§ **Work instruction**: The answer must restate the listing word for word, without its images.

== Data block

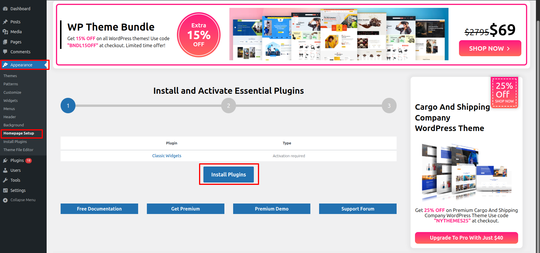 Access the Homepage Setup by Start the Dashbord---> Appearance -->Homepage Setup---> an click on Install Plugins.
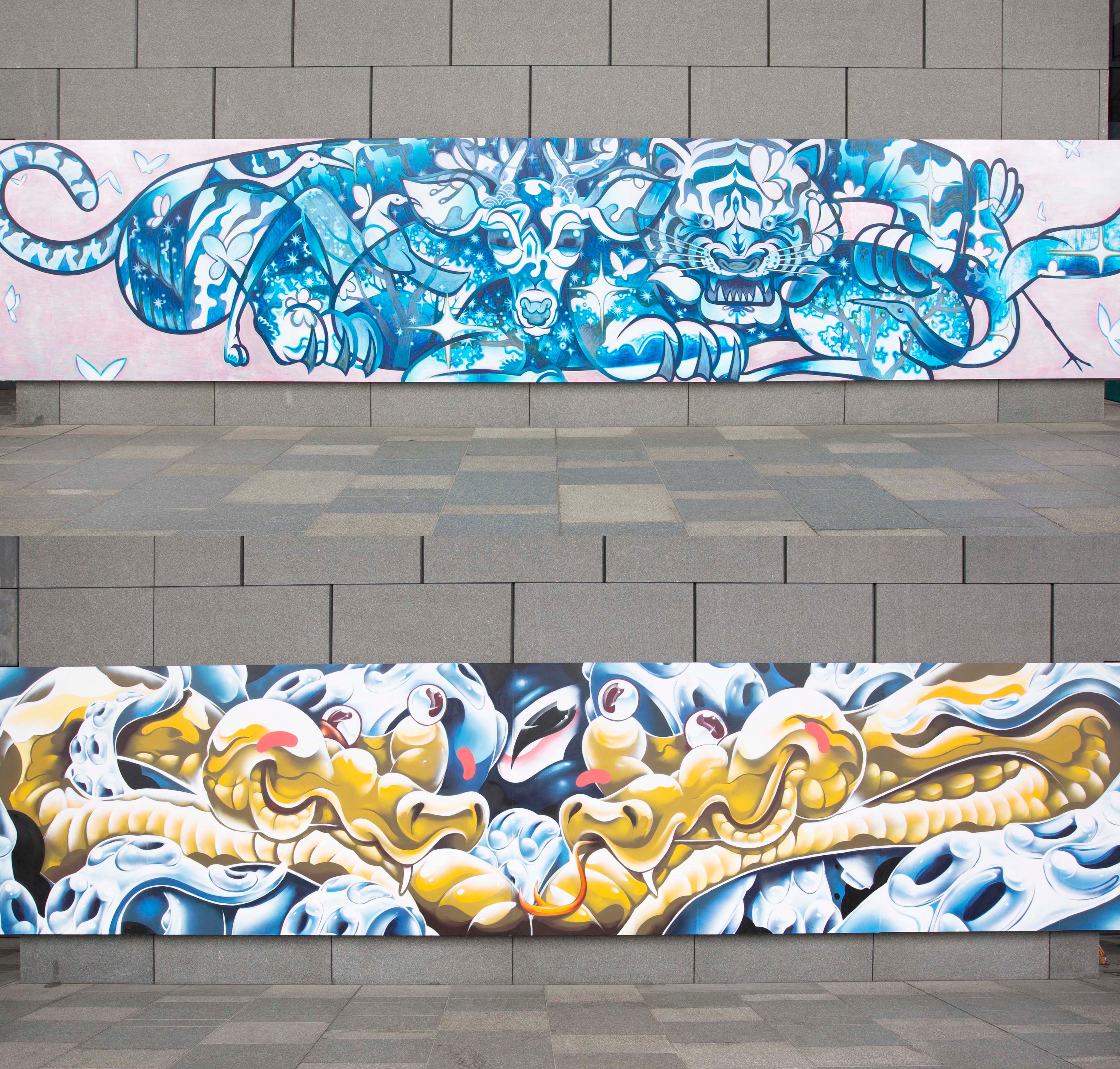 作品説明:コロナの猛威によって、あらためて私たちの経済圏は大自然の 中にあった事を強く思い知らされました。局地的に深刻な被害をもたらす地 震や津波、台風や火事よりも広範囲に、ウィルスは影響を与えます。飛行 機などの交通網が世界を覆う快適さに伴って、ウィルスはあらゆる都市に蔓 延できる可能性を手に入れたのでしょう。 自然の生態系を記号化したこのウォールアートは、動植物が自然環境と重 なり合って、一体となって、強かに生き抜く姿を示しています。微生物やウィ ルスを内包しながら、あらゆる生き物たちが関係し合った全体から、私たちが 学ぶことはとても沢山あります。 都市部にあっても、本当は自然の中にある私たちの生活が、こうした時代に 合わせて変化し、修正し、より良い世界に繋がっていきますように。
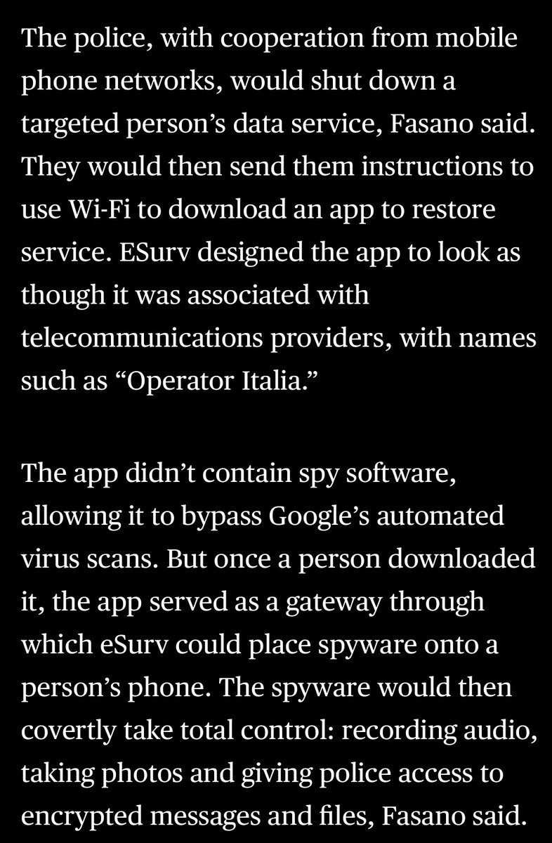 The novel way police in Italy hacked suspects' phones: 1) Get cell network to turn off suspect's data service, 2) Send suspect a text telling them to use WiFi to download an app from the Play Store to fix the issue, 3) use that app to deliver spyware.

====

§ **Expected answer**:
 Access the Homepage Setup by Start the Dashbord---> Appearance -->Homepage Setup---> an click on Install Plugins.
 作品説明:コロナの猛威によって、あらためて私たちの経済圏は大自然の 中にあった事を強く思い知らされました。局地的に深刻な被害をもたらす地 震や津波、台風や火事よりも広範囲に、ウィルスは影響を与えます。飛行 機などの交通網が世界を覆う快適さに伴って、ウィルスはあらゆる都市に蔓 延できる可能性を手に入れたのでしょう。 自然の生態系を記号化したこのウォールアートは、動植物が自然環境と重 なり合って、一体となって、強かに生き抜く姿を示しています。微生物やウィ ルスを内包しながら、あらゆる生き物たちが関係し合った全体から、私たちが 学ぶことはとても沢山あります。 都市部にあっても、本当は自然の中にある私たちの生活が、こうした時代に 合わせて変化し、修正し、より良い世界に繋がっていきますように。
 The novel way police in Italy hacked suspects' phones: 1) Get cell network to turn off suspect's data service, 2) Send suspect a text telling them to use WiFi to download an app from the Play Store to fix the issue, 3) use that app to deliver spyware.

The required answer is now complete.